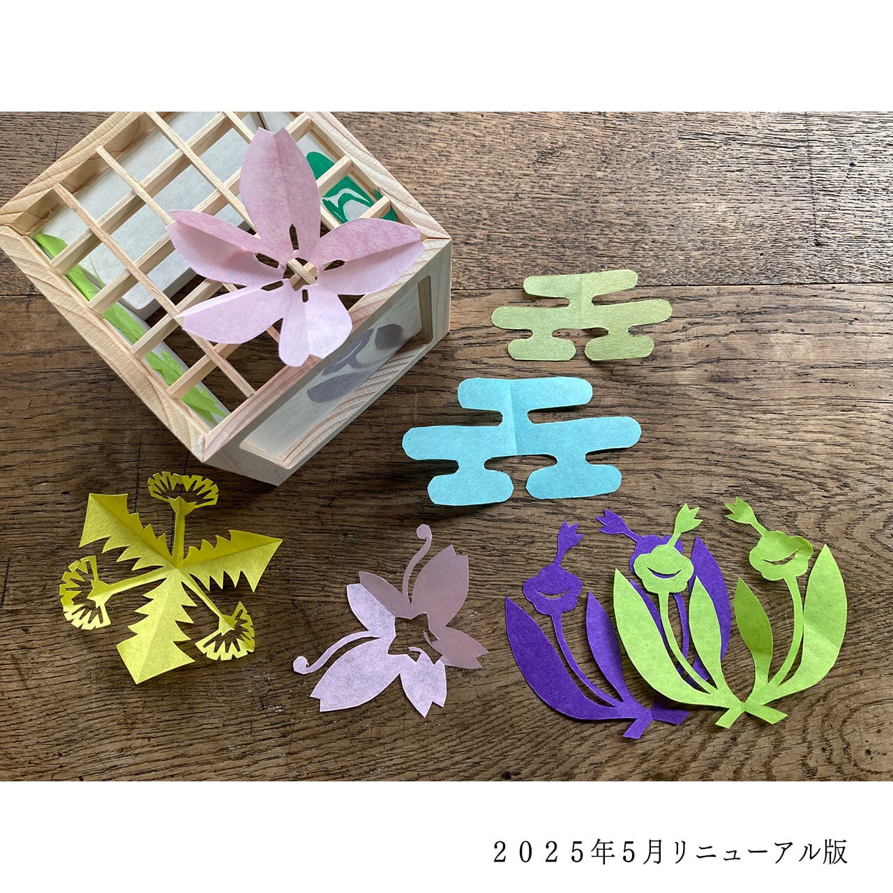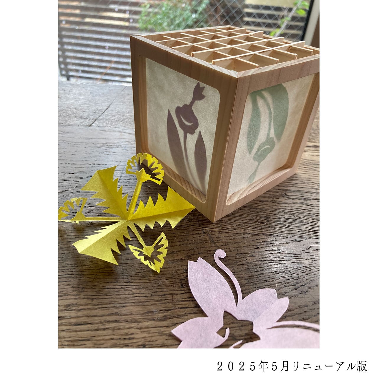 ご自分で組み立てた天竜ヒノキの行灯に、うららかな春を喜ぶ紋切りのキリガミを切って貼って、花の開くのを心待ちにする春の日々のお部屋を飾りませんか。
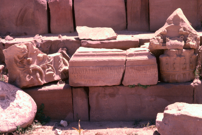 Jordan. Petra, Greek inscription found 1964 on base for statue of a Roman governor of Arabia Qasr al-Bint Temenos
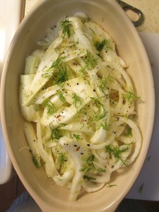 - 1 small fennel bulb, sliced; some frilly green bits reserved

★ ★ ★ ★ ★ ★ ★

Leave the pictures out and transcribe the remaining material exactly.

* [SOLUTION FOR THIS EXERCISE]
 ご自分で組み立てた天竜ヒノキの行灯に、うららかな春を喜ぶ紋切りのキリガミを切って貼って、花の開くのを心待ちにする春の日々のお部屋を飾りませんか。
 Jordan. Petra, Greek inscription found 1964 on base for statue of a Roman governor of Arabia Qasr al-Bint Temenos
 - 1 small fennel bulb, sliced; some frilly green bits reserved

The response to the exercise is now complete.